Това­рищ прокурора употребляет следующий прием: поддельно сочи­ненное доказательство он называет нерегулярным, не совсем пра­вильным и заключает: если неправильно отобранные при незакон­ном, например, обыске или выемке вещественные доказательства не пропадают, а все-таки употреблены для дела, то и иррегулярно добытые показания Мгеладзе и Коридзе не должны пропадать; им нельзя верить, когда они выгораживают себя, но им надо ве­рить, когда они обвиняют других, например, Д. Чхотуа. Я пола­гаю, что такой взгляд весьма выгоден для обвинения как средст­во захватить в расставленные тенета возможно большее число лю­дей за один раз, и виноватых, которым не верят, и оговариваемых виноватыми, на которых эти последние сваливают свои грехи. Но, чтобы способ этот был законный, правильный и согласный с исти­ной, в том да позволено мне будет усомниться на основании ниже­следующих соображений.

Понятия, правильно и неправильно, с одной стороны, и под­ложно или неподложно, — с другой, принадлежат к совсем раз­личным категориям мышления. Фальшивая бумажка нельзя ска­зать, что неправильна, потому что на ней не соблюдены все те знаки, которые неподдельны, а потому, что она фальшивая, то есть обманным образом фабрикуется частными лицами. Так точно и показания, сфабрикованные Лоладзе, не неправильны, а подложны; они могут служить вещественным доказательством, но только против него; по обвинению его по 237 и 942 статьям Уложения, грозящим за подобные действия лишением прав состояния и ссыл­кой в каторжные работы. Я отвергаю и теорию товарища проку­рора о вещественных доказательствах, будто бы вещественное до­казательство непременно будет доказательством, где бы и как бы оно ни было добыто. Если бы мне, как частному лицу, предостав­лено было произвести обыск у моего противника и представить добытые, таким образом, будто бы при этом обыске доказатель­ства вещественные, то я сомневаюсь, были ли бы признаны ото­бранные, таким образом, у него деньги и бумаги доказательством против него; за такой обыск я бы поплатился. Равным образом, если бы следователь заведомо стал производить следствие, в кото­ром он непосредственно заинтересован, я полагаю, что были бы выброшены, как негодные, все представленные им топоры, ломы, ружья и лопаты и не поверили бы кровяным знакам на платье, потому что все эти вещи были в подличающих, нечистых руках и могли легко подвергнуться фабрикации.
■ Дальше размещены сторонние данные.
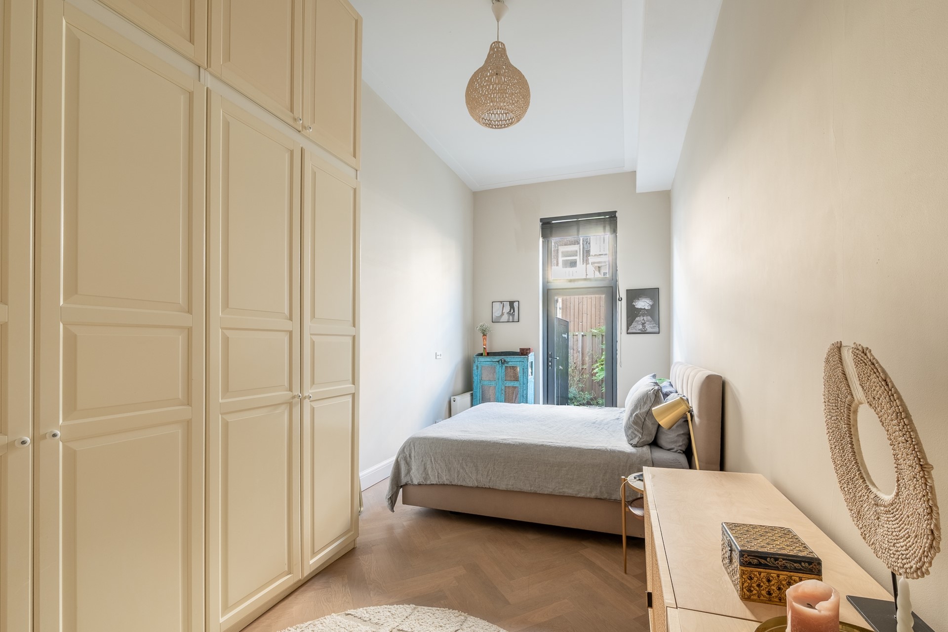 Stijlvol wonen met tuin in het hart van Amsterdam-Oost, op een locatie waar zelden iets beschikbaar komt. Dit karaktervolle en hoogwaardig afgewerkte benedenhuis combineert klassieke charme met modern wooncomfort en beschikt over een royale woonverdieping, een luxe open woonkeuken, twee ruime slaapkamers op de begane grond én een veelzijdig souterrain met extra slaap-/werkruimte en een tweede badkamer. De woning kenmerkt zich door een fraaie afwerking met een prachtige visgraatvloer, hoge plafonds en een mooie zichtlijn door de leefruimte.

Я удивляюсь тому раз­вязному способу оценки доказательств, по которому одно и то же доказательство, заключающееся в показании, считается и годным и негодным, не по своему содержанию, а по цели, для которой могло бы быть употреблено.

Я согласен в том, что некоторые вещи могли быть испорчены в частях, как, например, половина фрукта гнилая, но я утверждаю, что есть предметы, и к числу их относятся показания, которые в техническом отношении на суде признаются совершенно испорченными, например, как испорчен стакан чаю, если в него влита ложка чернил. Мне невольно прихо­дит на мысль сходство признаний Мгеладзе и Коридзе с таким стаканом чаю, приправленным чернилами. Стакан чаю был подан в обвинительном акте, из него хлебнули, выслушав Мусу, отвер­нулись после глотка, стакан весь негоден. Нет, говорит товарищ прокурора в протесте, не годен был глоток; но отчего же не допу­стить, что, кроме того глотка, все остальное содержимое стакана превосходно. Я могу доказать, что оно не превосходно. Показание не может быть никогда сравнено с вещественным доказательством, или, если его сравнивать, то с таким, как чай с чернилами, мед, приправленный дегтем.
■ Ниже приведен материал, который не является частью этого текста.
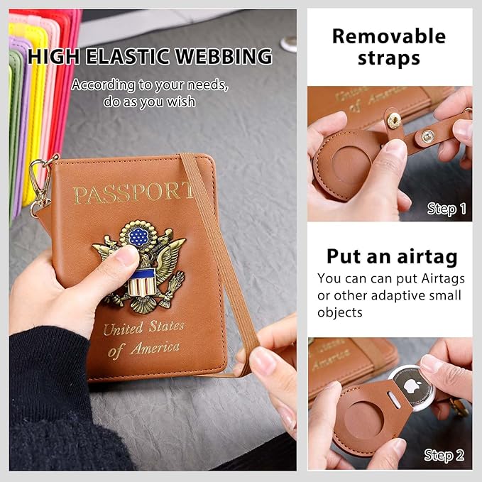 - AIRTAG TRACKING OR DIY:The Airtag Passport Holder Cover Wallet Case comes with a dedicated spot for the Airtag,The perfect combination of airtag and passport ensures you will never lose your passport wallet again.Or you can remove the protective cover of the airtag and decorate it with any pendant you like,such as the keychain, purse,luggage case or backpack.(DOESN'T INCLUDE THE AIRTAG)

Всякая речь, слово, показание не есть изображение вещей или предметов, но только наших идей и представлений о предмете, они окрашены нашим я, проникнуты нашей субъективностью, суть про­изведение внешних впечатлений и нашей субъективности.
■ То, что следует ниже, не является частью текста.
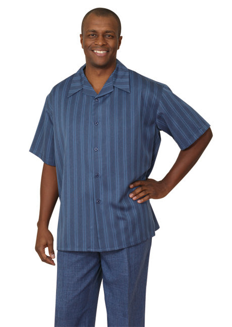 The Mens Walking Suit 2945-NA is designed for comfort and style, featuring a classic short sleeve striped shirt paired with textured pants. This versatile outfit is an excellent choice for various occasions, from casual outings to informal gatherings with friends and family.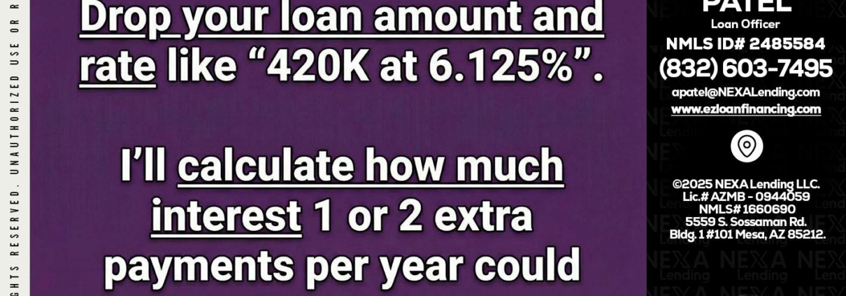 Hi, my name is Ashish Patel. I’m a Loan Officer with NEXA Lending LLC., offering personalized mortgage solutions, fast customized quotes, great rates and service with integrity.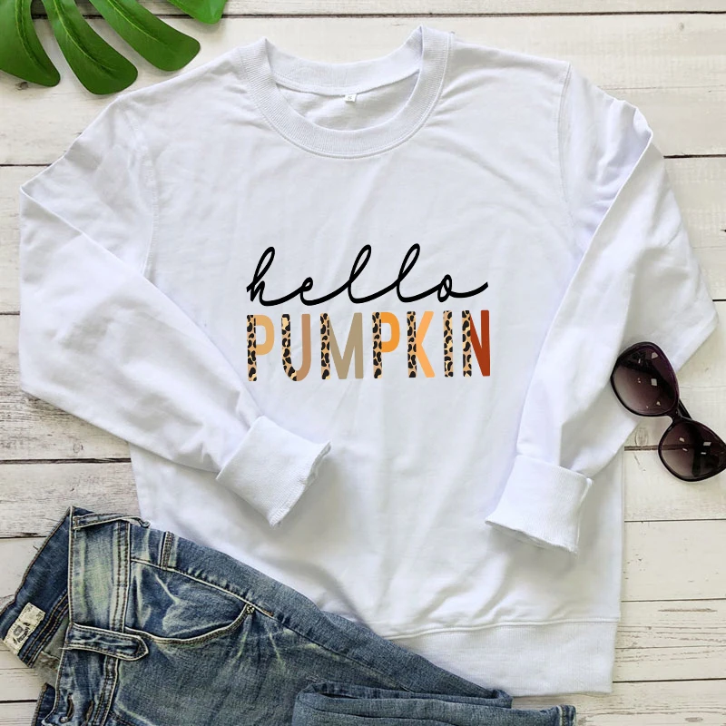Свитшот с леопардовой тыквой из 100% хлопка, милый женский пуловер ...

Когда лицо показывает о предмете, то возникают два вопро­са: первый, — могло ли оно наблюдать, не было ли в его уме неле­пых идей, предрассудков, превратных и кривых понятий, которые бы ему помешали наблюдать событие, и второй вопрос,— хочет ли лицо показывать правду, то есть не заинтересовано ли оно коры­стью, не поставлено ли оно угрозой и страхом в необходимость лгать и представлять в превращенном виде то, о чем его спраши­вают. Раз только доказано, что был страх, был обман, ухищрение, вымогательство, все показание вконец испорчено до такой степени, что не только судья, но даже историк, не пренебрегающий ника­ким материалом, не решится его употребить. Утверждать, что по­казание, хотя и вымученное, может служить доказательством, — значит не знать истории, ни отмены пытки в 1801 году, ни нака­за Екатерины, ни старого, ни нового судопроизводства, значит пытаться вернуть нас к блаженным временам петровским и Алек­сея Михайловича, когда вздергивали на дыбу, садили на кобылку, ломали ноги, завинчивая испанские сапоги; сказал подсудимый, хотя его мучили, значит повинился, и дело с концом, и приговор готов. К счастью, до этого позора и до святой инквизиции мы не дожили и вымученные сознания обращаются прежде всего против вымучившего. Главный вопрос, вымучены ли сознания у Мгеладзе и Коридзе. Но на этот счет не может быть сомнения, это удосто­веряют немые габисониевские свидетели.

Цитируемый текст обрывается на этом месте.